Borrowing from this Quora answer -- which includes some concrete examples of when you might prefer one measure over the other -- it comes down to whether you care about taking the magnitude of the vectors into account. This is highly domain-specific, but the example used there is in information retrieval, where magnitude represents the length of the documents in question. The dot product will take the document length into account, whereas the cosine similarity will not.

In general, you will want to have good reasons specific to your problem space to use one over the other.

When we want cluster items use distances as similarity measure. For example, we use Euclidean distances(square root of inner product) in k-means clustering as a similarity measure. Squared Euclidean distances are used as a similarity measure in Ward's method of clustering. However, when we want to cluster variables, we use correlation(cosine) as a measure of similarity.
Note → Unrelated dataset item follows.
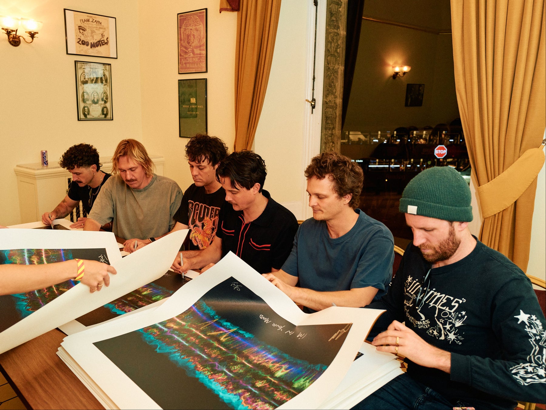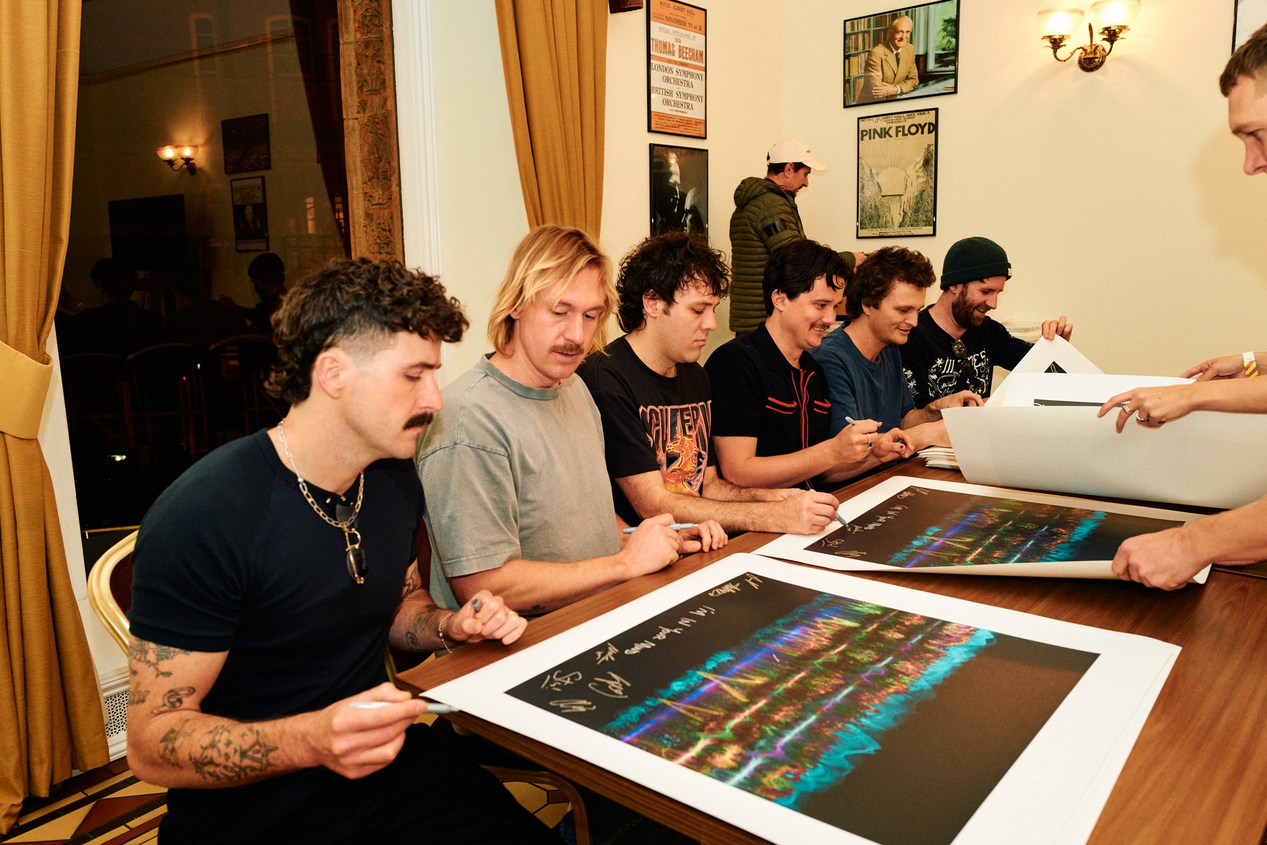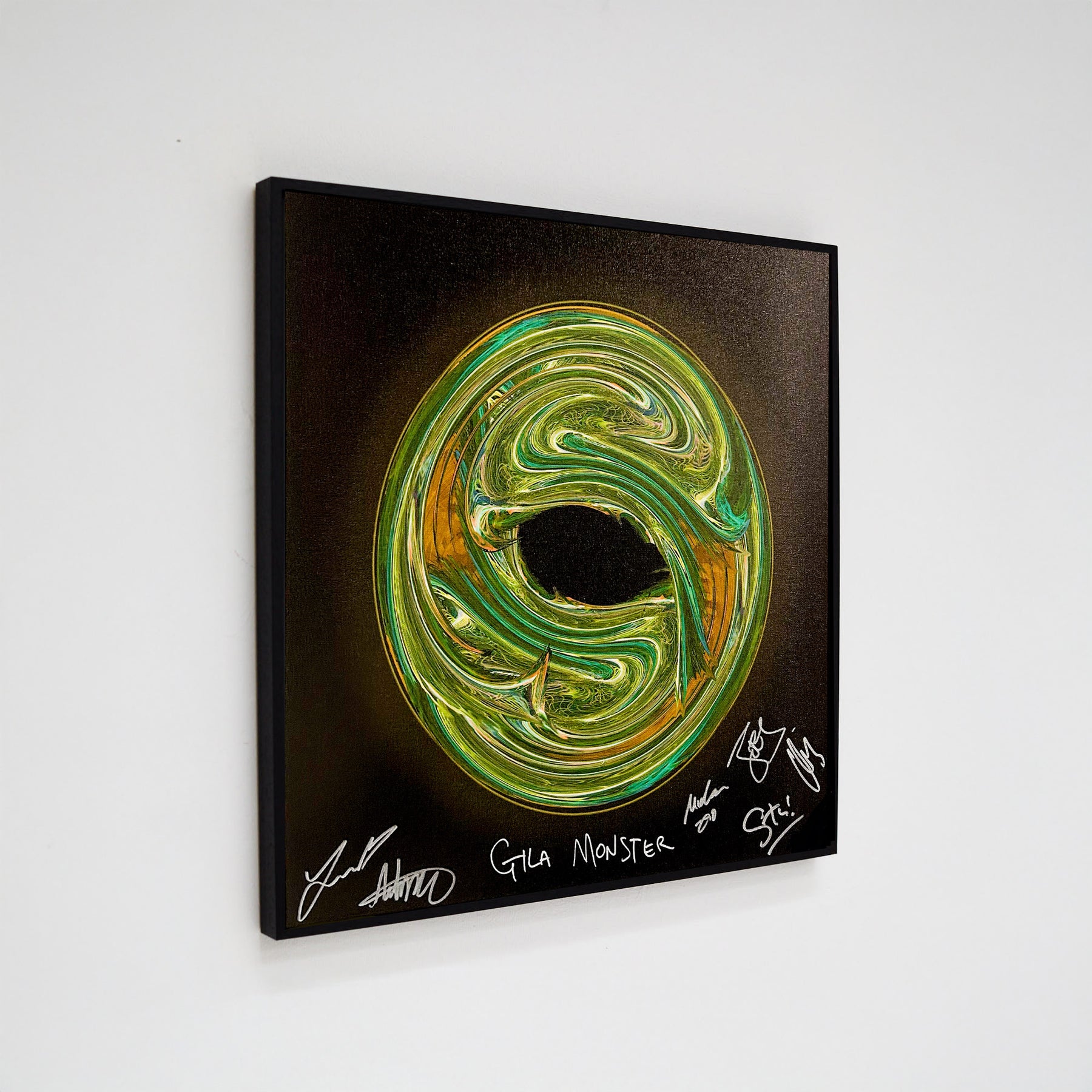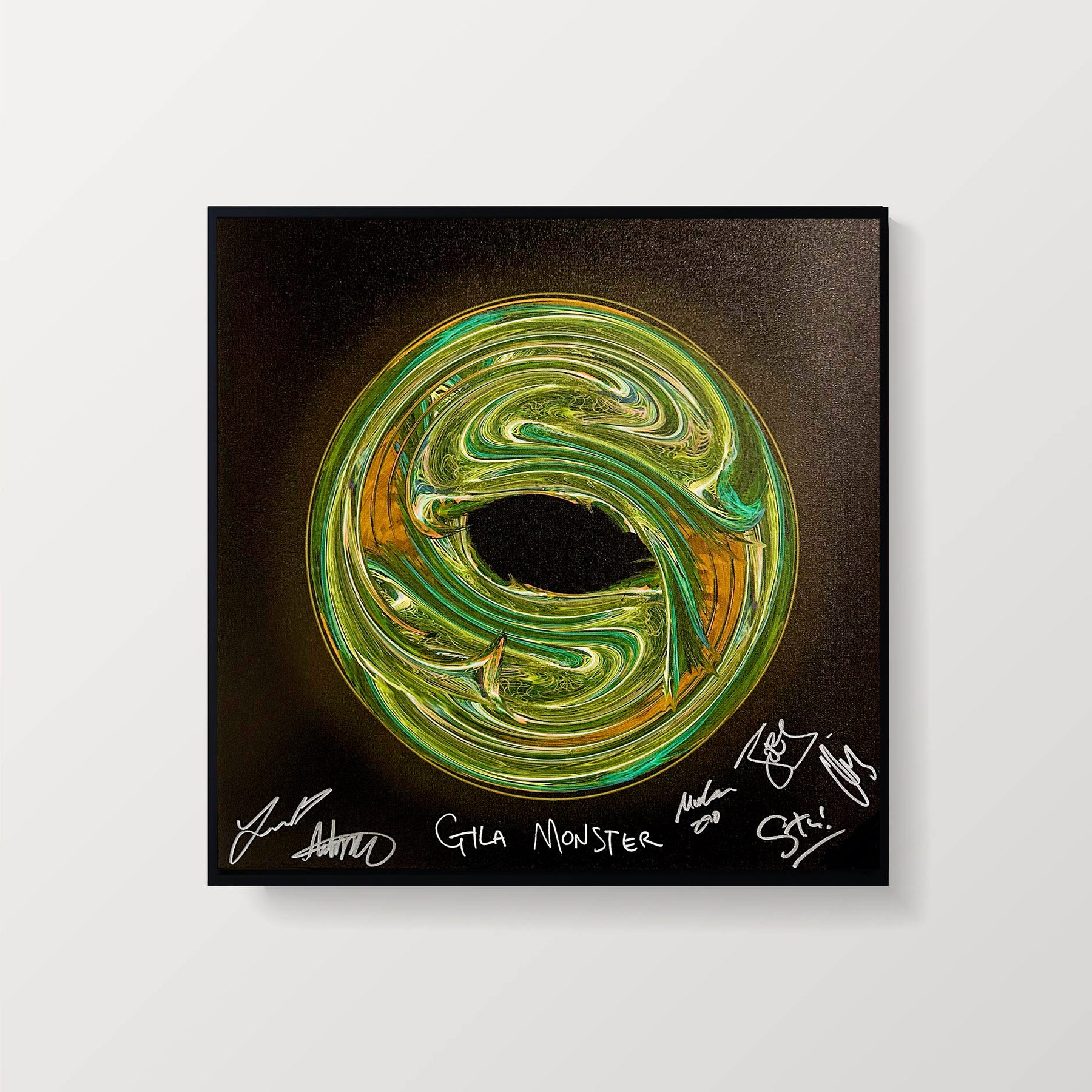 Each signed print measures 24″ x 24″ and is hand signed by the musician. They are part of a larger run of prints, typically with 50-100 copies signed in total. Our unsigned prints, which come in a standard and a mini size, feature the same design as the signed print, but do not have the musician's autograph. They are still limited edition and are signed by Soundwaves Art creator, Tim Wakefield.

• Can you elaborate on what you mean by "variables"? – D.W. Dec 8 '16 at 22:16
• Context is cluster analysis. We measure each item on number of variables and using some proximity measure, cluster items into groups. There may exist correlations among the variables. Clustering variables may help detect redundancies in variables. Hierarchical agglomerative methods are usually employed for this purpose. Similarity measure used is correlation. – L.V.Rao Dec 9 '16 at 3:04

The relation between dot product and cosine is similar to the relation between covariance and correlation: one is normalized and bounded version of another.

In my experience usual dot product is better when you also care about the number of dimensions two vectors have in common (i.e. non zero values in these dimensions with the same sign). For example, it can be matchings tags or attributes. For usual texts cosine typically works better.